I really like Fuschia Dunlop's writing on food, and her recipes for reproducing authentic dishes. She has a recipe for huhng siu yuhk (red brasied pork belly) that I've been meaning to try for some time. There are some good places to get this dish in Hong Kong, but its also interesting to try cooking these things for yourself. This is one of my favourite Chinese dishes, with beautifully soft cubes of fatty meat that melt in the mouth, and a gloopy black sauce full of a wine and liquorish flavours. Hopefully only by coincidence, this also happened to be Chairman Mao's favourite dish. Like him, it originates from the Hunan district of China.
Fuschia's Introduction
Red-braised pork is a dish that in Hunan is inseparably bound up with the memory of Chairman Mao: many restaurants call it “The Mao Family’s red-braised pork.” Mao Zedong loved it, and insisted his Hunanese chefs cook it for him in Beijing. It’s a robust concoction, best eaten with plain steamed rice and simple stir-fried vegetables; the sweet, aromatic chunks of meat are irresistible.
Ingredients
The first hurdle I met with this dish was acquiring ingredients. I thought I understood the butcher when we discussed the price of the meat. He asked me if I wanted it cut and I decided that it would save hassle to get him to cube it for me. Before I knew it he was hacking away with his cleaver and a big pile of meat was stacked up. He charged me HK $170 and I now have enough pork belly to feed the whole of China. I later also realised that the pieces still had bones in - and had to exercise my own lacklustre cleaver skills to resolve this.
I then went to buy aniseed, which I'd seen so many times walking around Sheung Wan. But for some reason, today it all seemed to have vanished. Not knowing the word, I tried to draw it in various stalls, but the reactions ranged between completely blank looks and one place where they brought out a starfish. Finally I found out the word is 'baat gok' and this sped things up no end. The other ingredients were pretty straightforward. Cinammon from a little India store, and the guy on another stall even gave me the dried chilis for free.

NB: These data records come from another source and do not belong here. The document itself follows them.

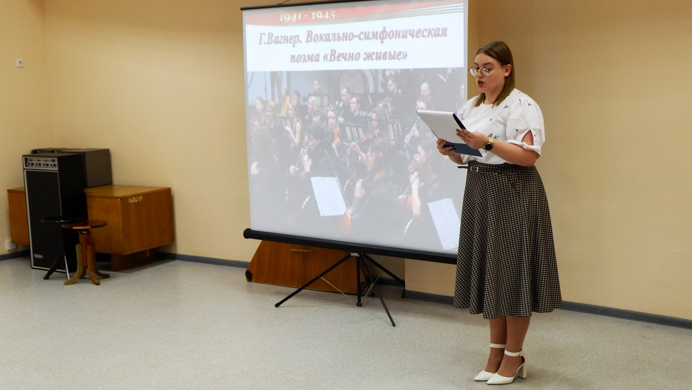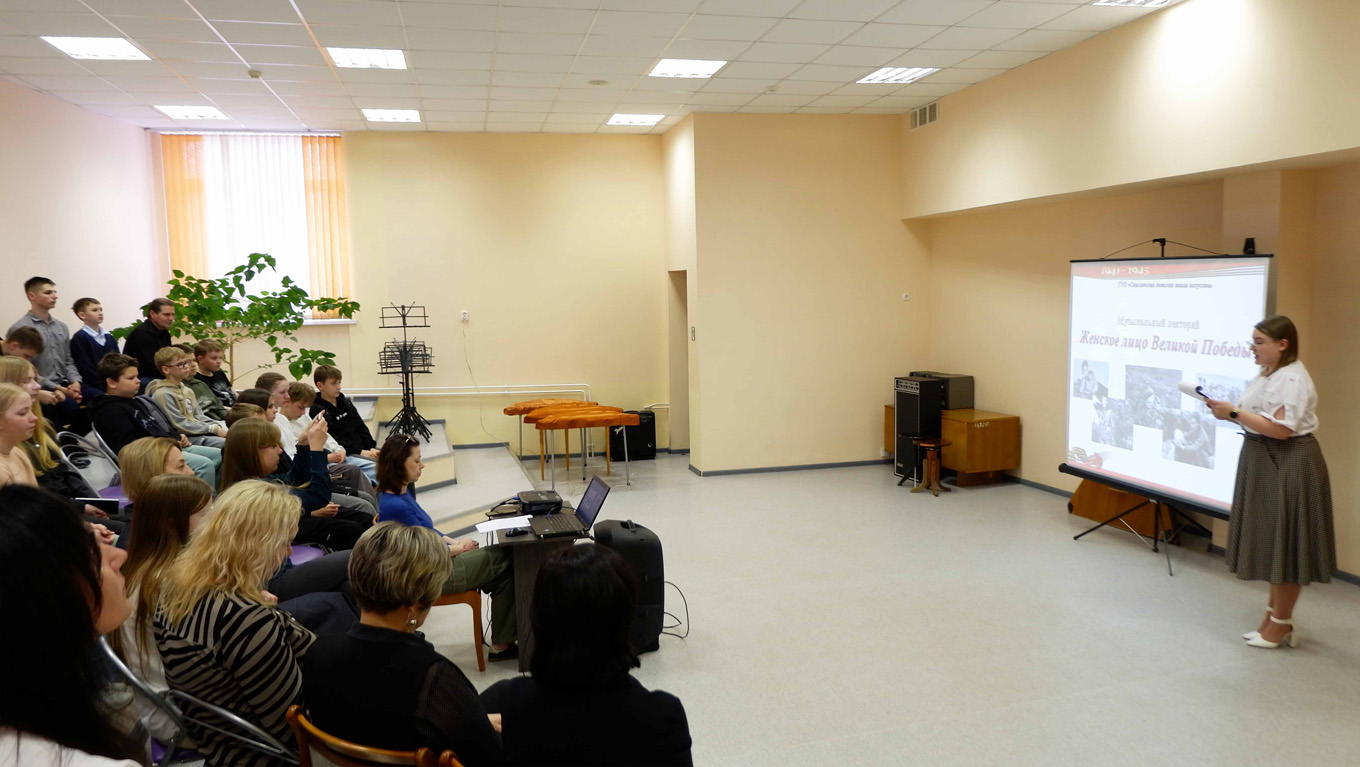 Ведущая Тайкевич А.Ю. познакомила ребят и педагогов с героинями опер, кантат, поэм, бесстрашными женщинами, которые наравне с мужчинами ковали победу на фронте и в тылу. Они были санитарками, спасая жизни на передовой, отважными летчицами, разведчицами, партизанками…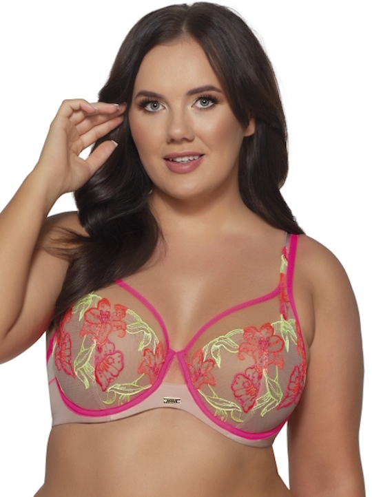 Комфортный бюстгальтер арт. 2072 М TROPEA выполнен на основе модели 1396 в цвете FLUO (Флуо) с мягкими чашками, на косточках, шитыми из сетки телесного цвета богато расшитыми неоновыми цветами, благодаря розовой окантовке чашек и пояса модель становится выразительной. Пояс из эластичного сетчатого полотна и микрофибры с видимым швом. Бретельки двухцветные регулируются по длине, не отстегиваются, на спине застёжка на удлинитель на 2 или 3 крючка, фурнитура металлическая цвета желтого золота. Поддайтесь чарующей магии 2072 и окунитесь в красочное безумие! Бюстгальтер идеально сочетается с трусиками арт. 2070, 2071, 2072.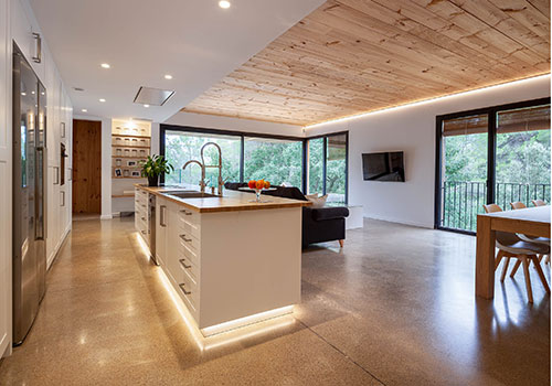 Respecto al interior, House Habitat ha creado un espacio que favorece el bienestar, donde a la calidez ambiental de la madera y sus cualidades relacionadas con la salud, se une la utilización de materiales naturales, como los aislamientos, las pinturas y barnices. Incluso los muebles y armarios –también fabricados por House Habitat- están libres de formaldehído, uno de los Compuestos Orgánicos Volátiles (COVs) más nocivos.

- 1lb of Pork Belly (skin optional)
- 2 tablespoons of peanut oil
- 2 tablespoons of white sugar
- 1 tablespoon of Shaoxing wine
- Fresh ginger - a 3/4 inch piece
- 1 star of anise
- 2 dried red chilis
- A small piece of cassia bark or a cinammon stick
- Light soy sauce
- Salt
- Sugar
- Scallion greens
Steps
- Plunge the pork belly into a pan of boiling water and simmer for 3 or 4 minutes, until partially cooked. Remove and, when cool enough to handle, cut into bite-sized chunks.

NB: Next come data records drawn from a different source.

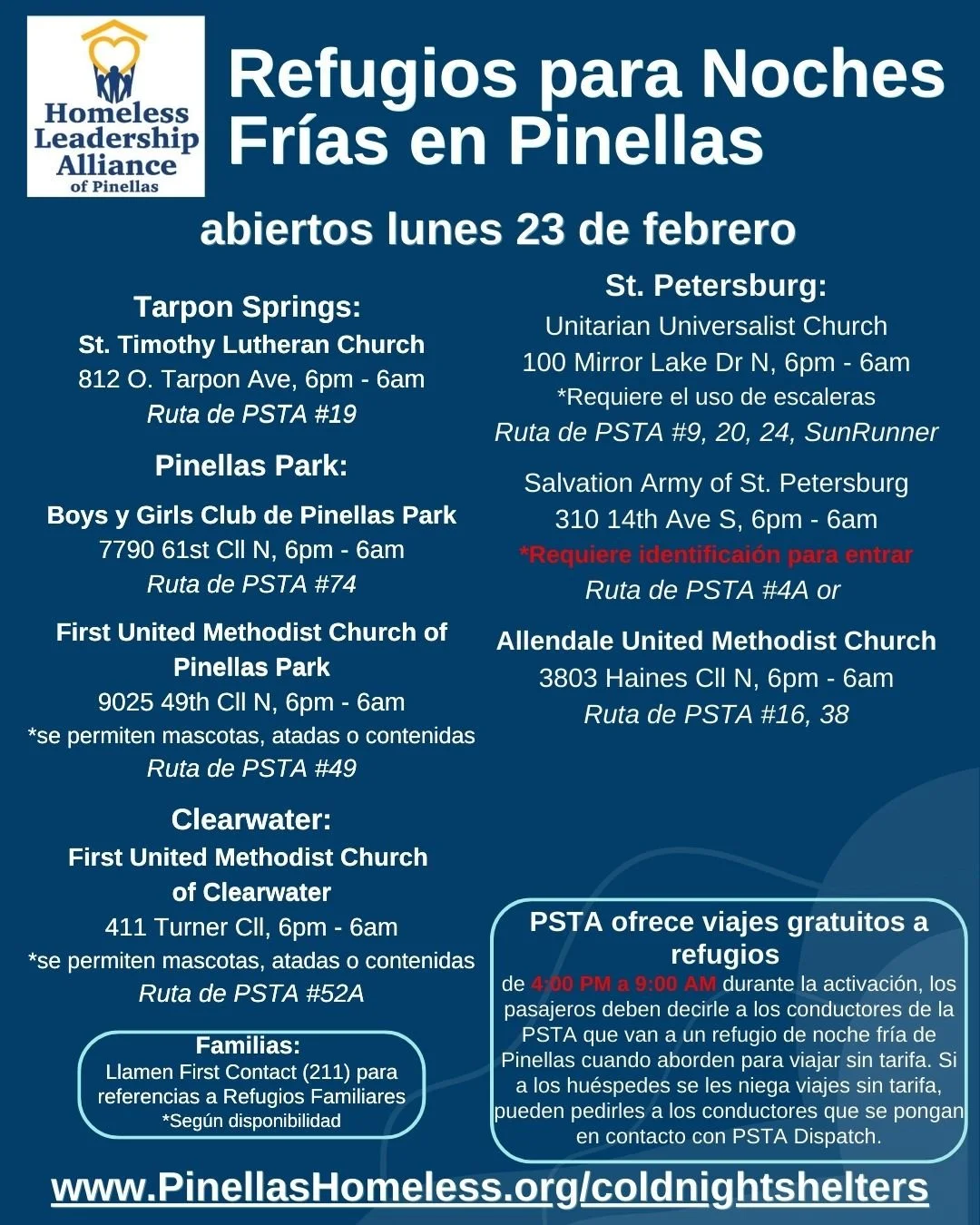 Through a partnership with the Pinellas Suncoast Transit Authority (PSTA), bus rides to and from Cold Night Shelters will be free from 5:00pm to 7:00am during the activation. Riders must tell PSTA drivers that they are going to a Pinellas Cold Night Shelter when boarding to ride fare-free. If clients are being denied fare-free rides, they can ask the drivers to contact PSTA dispatch.
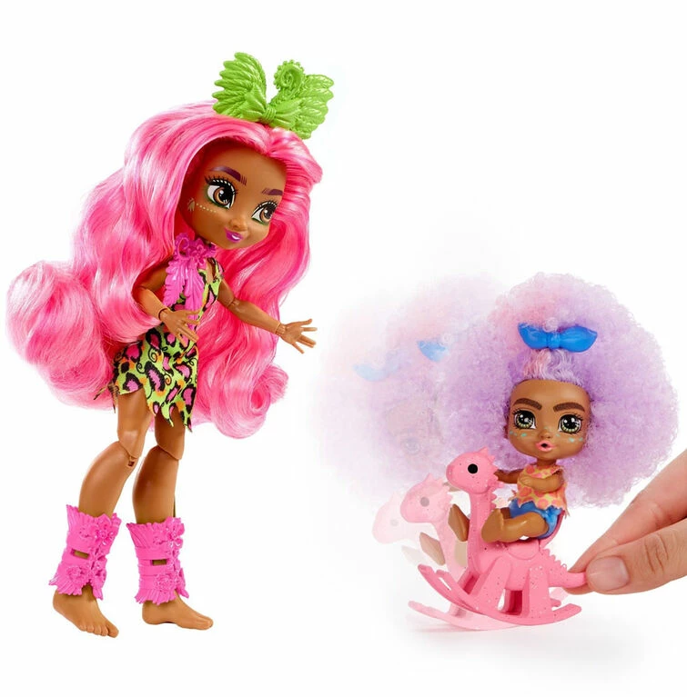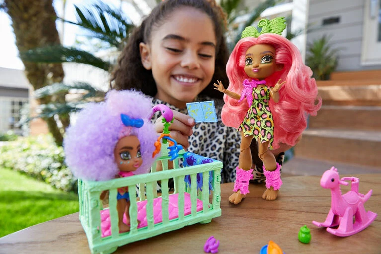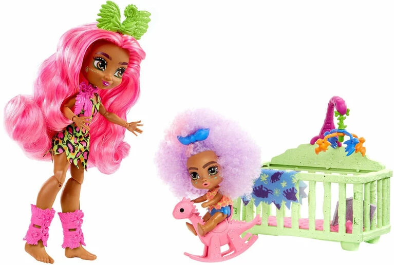 With Cave Club dolls and playsets, kids can travel back in time and discover epic storytelling adventures with their favorite prehistoric characters -like Fernessa, the first babysitter! Fernessa doll has everything she needs to rock her babysitting gig, including a crib with an adorable dinosaur-themed mobile that spins to spark sweet dreams. When nap time is over, clip Cave Tot Furrah doll onto the rocking dino-horse and give her a push to rock and ride. Smaller accessories let kids play out everything from snack time to story time, and two dolls in neon-bright looks inspire storytelling. Adventurers ages 4 years old and up can collect other Cave Club dolls and toys to make history with the whole crew! Each sold separately, subject to availability. Colors and decorations may vary.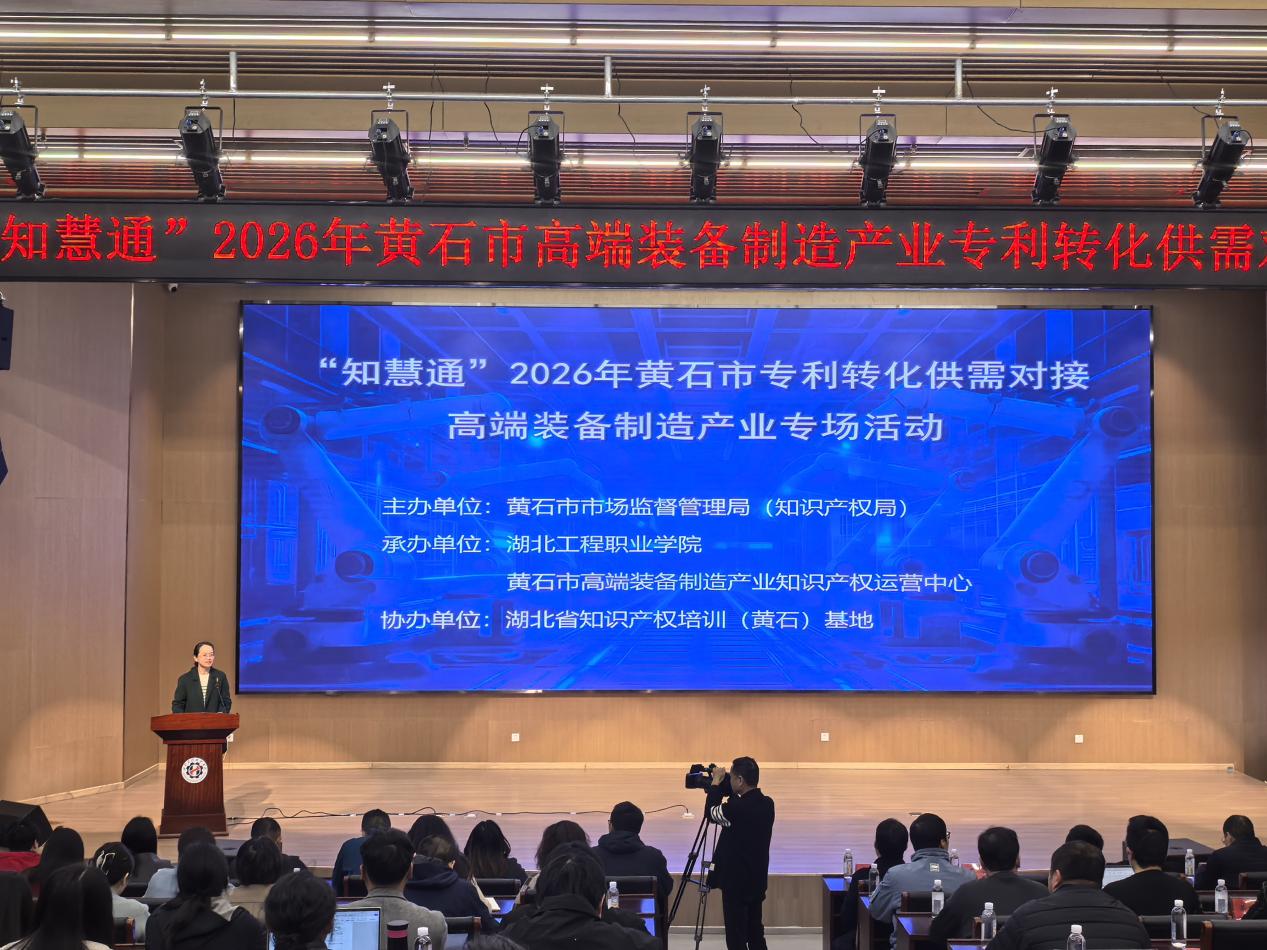 为推动专利转化运用,助力高端装备制造产业高质量发展,3月26日,“知慧通”2026年黄石市高端装备制造产业专利转化供需对接专场活动在湖北工程职业学院成功举行。市市场监管局党组成员、副局长王萍出席活动并讲话。

- Heat the oil and white sugar in a wok over a gentle flame until the sugar melts, then raise the heat and stir until the melted sugar turns a rich caramel brown. Add the pork and splash in the Shaoxing wine
- Add enough water to just cover the pork, along with the ginger, star anise, chiles, and cassia. Bring to a boil, then turn down the heat and simmer for 40 to 50 minutes.
- Toward the end of the cooking time, turn up the heat to reduce the sauce, and season with soy sauce, salt, and a little sugar to taste. Add the scallion greens just before serving.
Fuschia's Notes
In Shaoshan, Mao’s home village, cooks traditionally leave the skin intact for maximum succulence, and cut the meat into rather large chunks, perhaps 1 1/2 inches long; I tend to make the pieces a little smaller. This recipe takes its color from caramelized sugar, which gives it a lovely reddish gloss, but many people just use dark soy sauce at home.
Report
Overall, this wasn't a difficult dish to make reasonably well. The only point at which I had slight difficulty was adding the pork to the sugar and oil. I found that the pork made the sugar spit upwards on contact, coating the walls around the stove. Because the pork is slow cooked over a couple of hours, this dish also requires quite a large investment of time. It not hand's on time like risotto, but you do need to be there to check on it now and then. I felt that by the end, the pieces of pork did have a very intense flavour because they had been able to absorb it over such a long period of time.
I'm not sure I got the balance of anise and wine and sugar quite right and might have made it a touch sweeter on I didn't really feel the pork in my version was as soft as it could have been. I'd like to begin with fattier pork, as the fat wasn't that distinctive here. I also might try to cook it even slower if possible, but the burner I used kept going out when left on a really low heat.